[Problem statement]:
Skipping all pictures, set down the lines of the listing from the first through the one with "Researchers developed reversible".

[Data supplied]:
————————

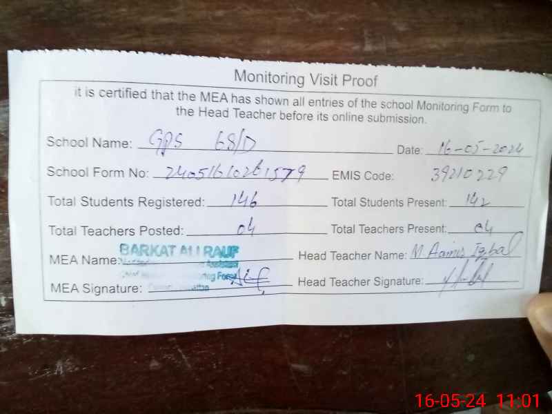 | EMIS Code: 39210229 | Name of School: GPS 68/D | |||
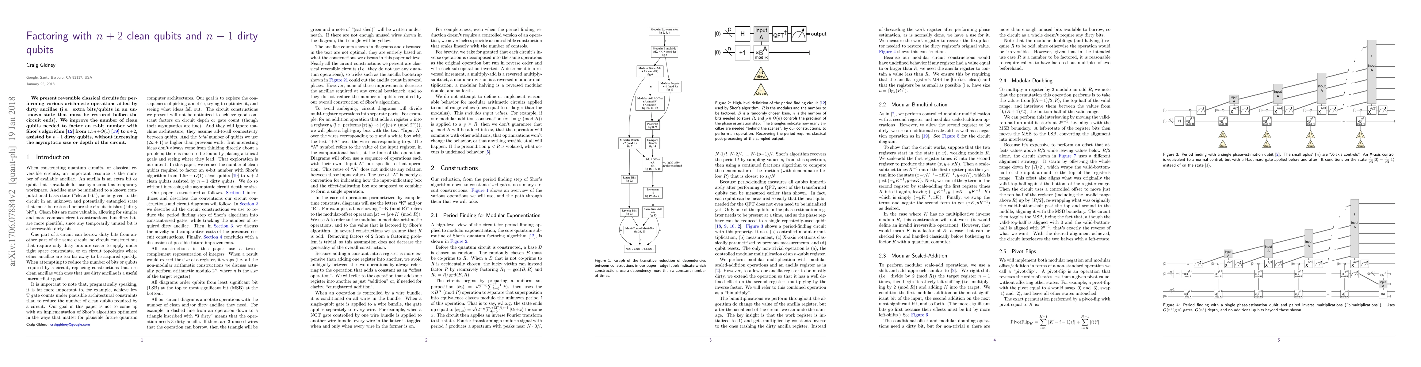 Researchers developed reversible classical circuits to factor large numbers using Shor's algorithm with improved efficiency, reducing the number of clean qubits needed from 1.5n+O(1) to n+2.
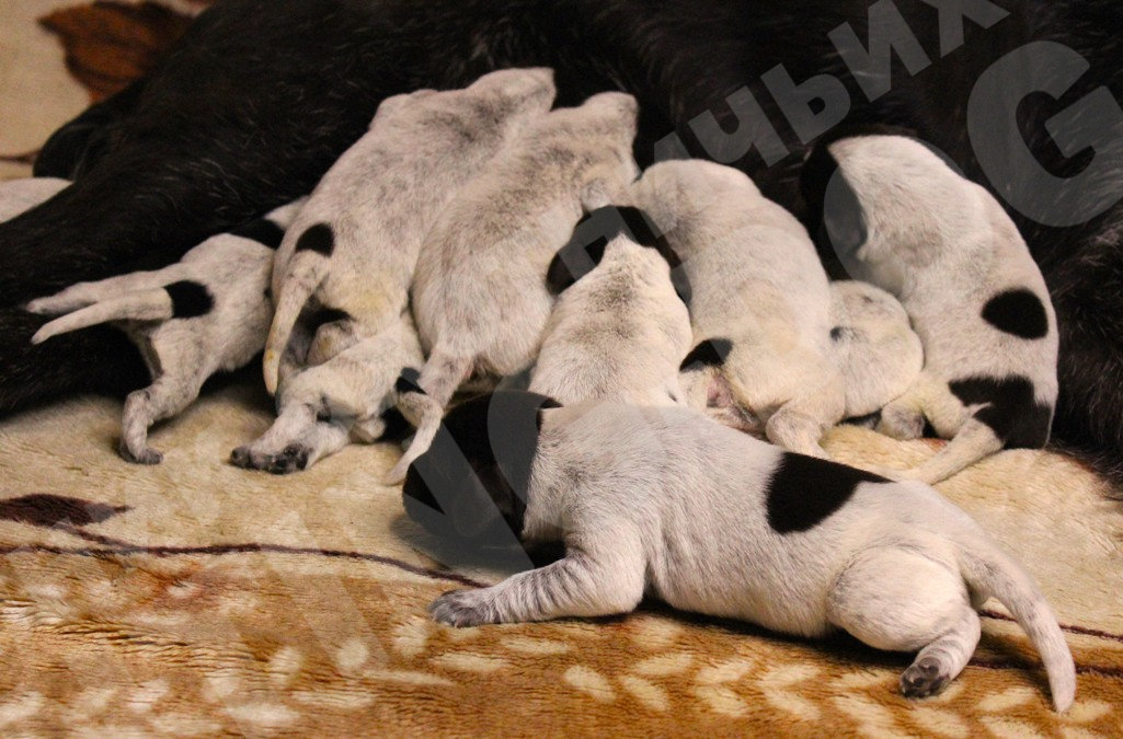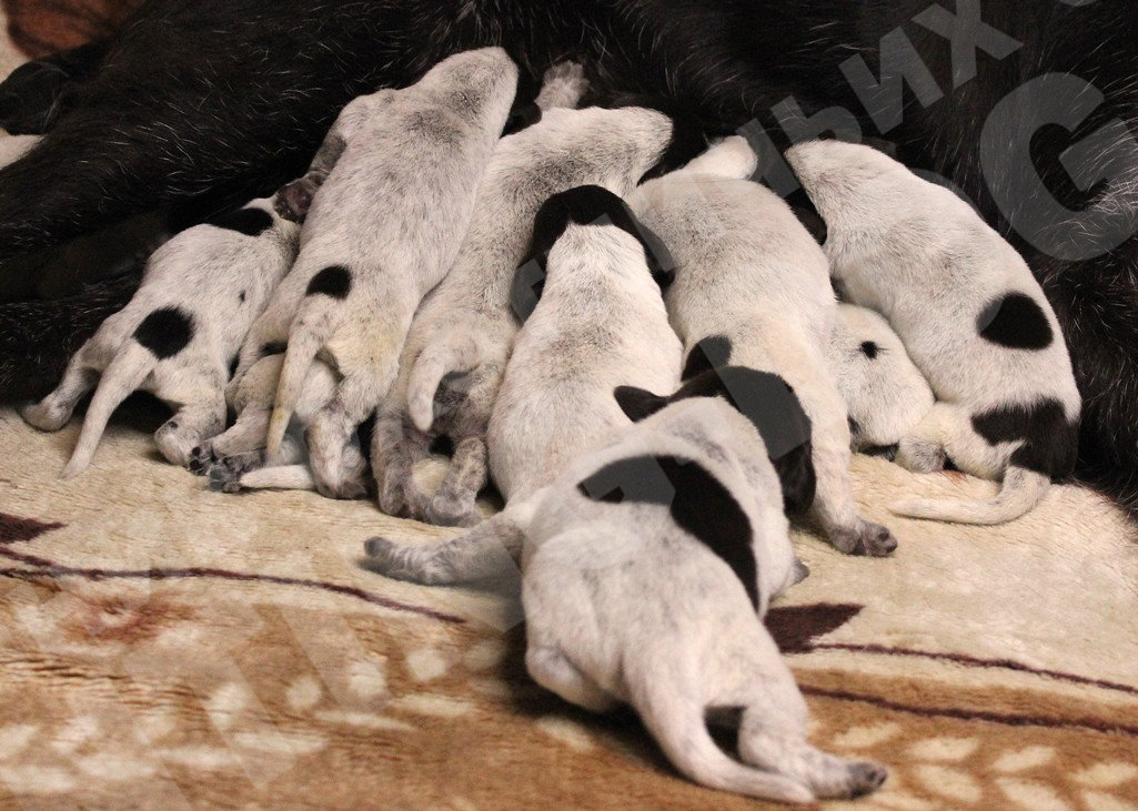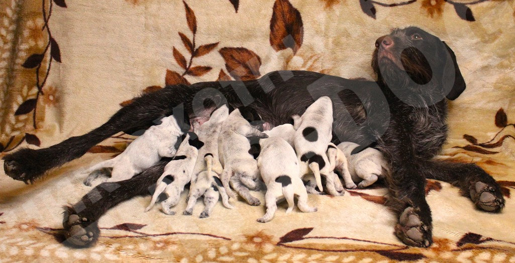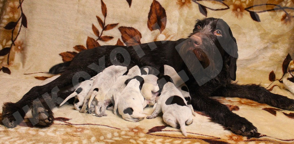 На свет появился долгожданный помёт щенков породы дратхаар в количестве 11шт, 6 мальчиков и 5 девочек. Отец щенков BRAX III VOM LIETHER-MOOR (Бракс III фом Литер-Моор - Германия) лучший кобель породы дратхаар в России, в настоящее время по мнению многих экспертов, рожденный в самом известном питомнике Германии. Мать Гретта vom Adlerhugel, дочь одного из самых известных и именитых кобелей породы дратхаар, когда-либо ввозимых в Россию Эйко ф.д. Картанэ (Eiko v.d.Karthane). Мать Гретты - Aki z Purkrabskeho Lesa (Аки с Пуркрабского леса – (импорт Чехия), правнучка легендарного Дарко из Эчтрингер-Форста (Darko vom Oechtringer-Forst) одного из самых титулованных кобелей породы дратхаар в Германии.
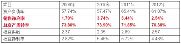 表中可以发现,销售利润率波动较大,资产周转率有所下降。一般情况下,销售利润波动从成本控制、三项费用上找原因;如果企业的总资产周转率较低,且长期处于较低的状态,企业应采取措施提高各项资产的利用效率,处置多余,闲置不用的资产,提高销售收入,从而提高总资产周转率。
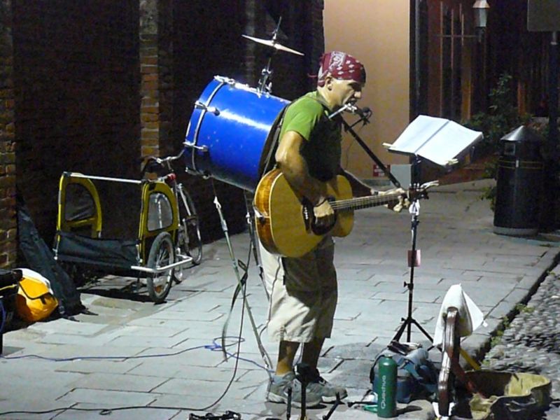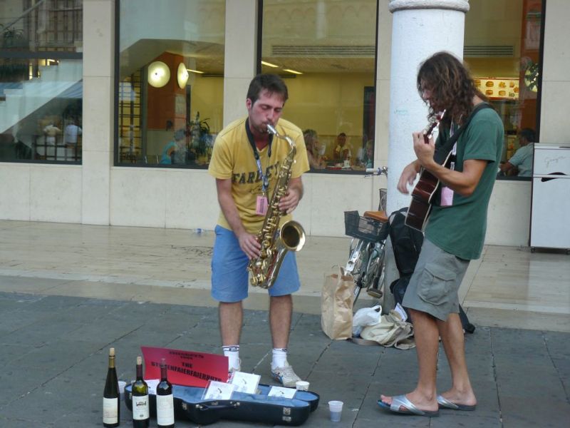 Come da molti anni, anche questa volta non vogliamo mancare all'appuntamento della rassegna Internazionale del Musicista di Strada a Ferrara, città affascinante che evoca in noi ricordi dei primi anni di fidanzamento, quando, tra le vie della città, rincorrevamo le note musicali dei violini e i colori dei palloncini che assumevano forme sempre diverse. Ricordo che molti bambini si mettevano in fila per avere il loro animale preferito del colore scelto per l'occasione. I loro occhi brillavano per l'eccitazione e la gioia di tenere tra le mani quella creatura delicata e meravigliosa nata dal soffio dell'artista. Ora anche gli adulti rincorrono quella magia, lasciandosi rapire dalle note musicali delle canzoni che in ogni angolo della città richiamano un folto gruppo di appassionati e curiosi. Quest'anno la Croazia era il paese ospite, ma molti altri paesi hanno contribuito a rendere unica questa manifestazione. Molto coinvolgente è stata l'esibizione della " Fred Menendez Band" (musica strumentale del Brasile) che faceva ballare gli spettatori con le note più famose di Santana e anche il gruppo "Buffalo Bill & His Bavarian Hunters" (Germania - Usa), musica contry molto bella con i simpaticissimi componenti che si scatenavano suonando i loro strumenti. E' stato bello anche rievocare le vecchie canzoni italiane di Fabrizio De Andrè ed Edoardo Bennato sullo sfondo del Castello Estense. A cena abbiamo mangiato cappellacci di zucca al ragù in uno dei locali che per l'occasione proponevano piatti tipici a prezzi concorrenziali.
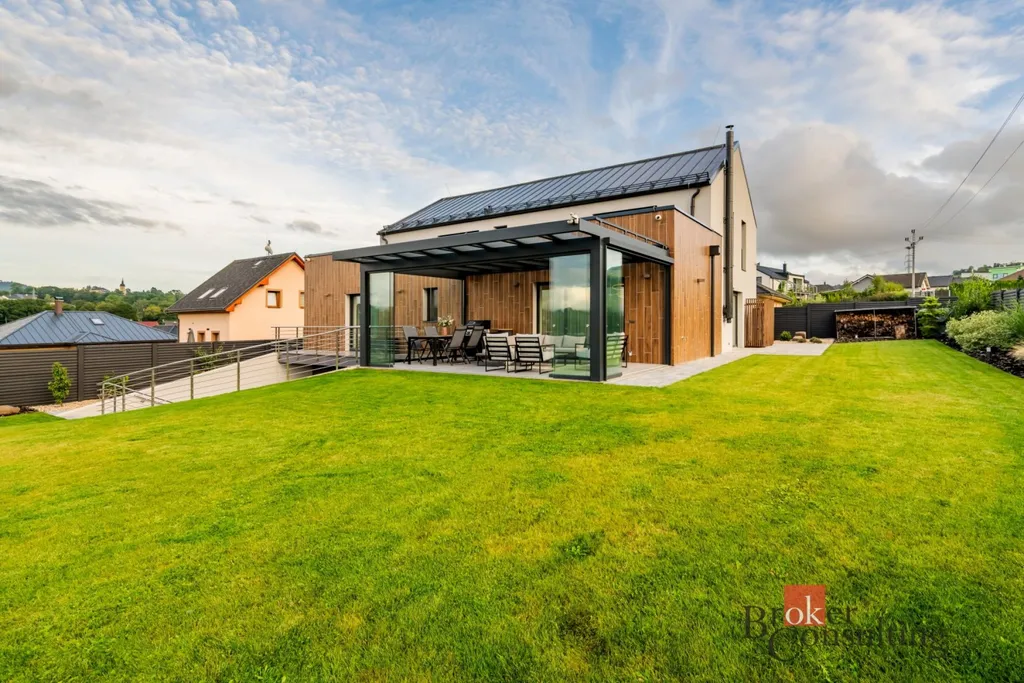Jedinečná nabídka luxusního rodinného domu v žádané lokalitě Minkovic u Liberce, jenž byl zkolaudovaný teprve na konci roku 2023 s energetickou náročností B. Jen zde najdete ideální kombinaci životního prostoru v dispozici 6+KK a klidu na každodenní relaxaci na ploše přes 333m2, k čemuž Vám poslouží 25m2 prosklená zimní zahrada s bioklimatickým systémem s možností plného otevření a v podzemním podlaží 71m2 vnitřní bazén a sauna, společně s privátní odpočinkovou venkovní zónou. To vše s důrazem na Vaše bezpečí a pohodlí s garáží pro 2 automobily na ploše přes 46m2, elektrickými a přes aplikaci ovládanými venkovními roletami a zabezpečovacím systémem. Ideální velikost pozemku o velikosti 787m Vám zaručí dostatek prostoru celé Vaší rodině nebo na setkávání s přáteli, kde samozřejmě nechybí integrované zavlažování. A s příchodem soumraku, kdy dům rozzáří noční osvětlení, si to tu teprve zamilujete. Tak neváhejte a přijeďte se osobně přesvědčit, že tento dům byl stvořen přímo pro Vás.
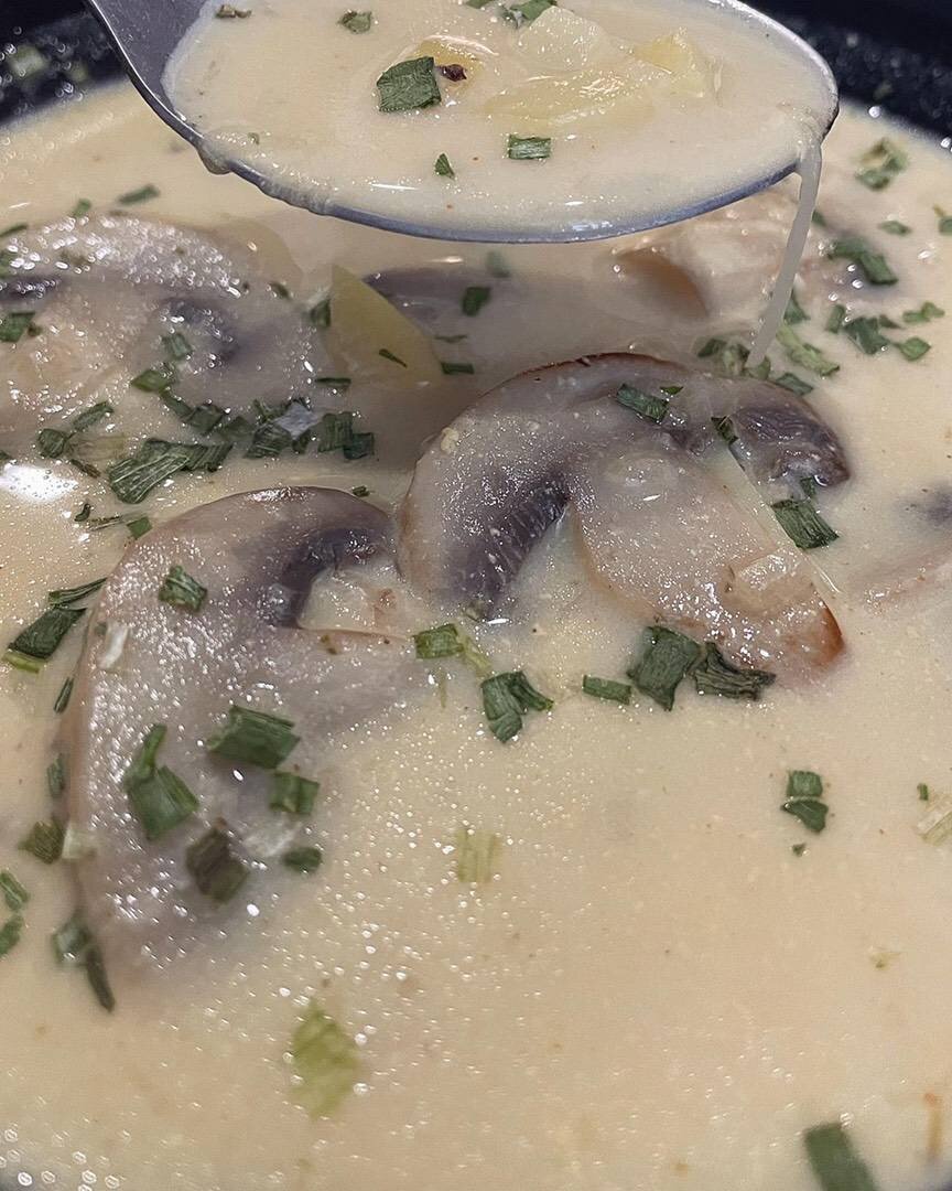Ингредиенты: шампиньонов, крупных картофелины, плавленых сырка, луковица среднего размера, горячей воды, соль, зелёный лук, папика, базилик 🌿 Способ приготовления: Лук мелко режем и обжариваем прямо в кастрюле на среднем огне на одной чайной ложке растительного масла. Через три минуты добавляем к луку шампиньоны, увеличиваем мощность плиты и обжариваем ещё 3 минуты регулярно помешивая, чтобы ничего не пригорело ко дну кастрюли. Сначала добавляем немного соли и остальные специи, потому что плавленые сырки сами по себе солёные, лучше попробовать и до солить в конце по вкусу, при необходимости. Заливаем лук, грибы и специи горячей водой, добавляем целиком два сырка и размешиваем до их полного растворения. Картофель режем мелким кубиком и отправляем в кипящую кастрюлю. Варим под крышкой 15 минут. При подаче, посыпаем суп зеленью. Приятного аппетита 😋! ♥️✨

————————

[Worked solution]:
 | EMIS Code: 39210229 | Name of School: GPS 68/D | |||
 Researchers developed reversible classical circuits to factor large numbers using Shor's algorithm with improved efficiency, reducing the number of clean qubits needed from 1.5n+O(1) to n+2.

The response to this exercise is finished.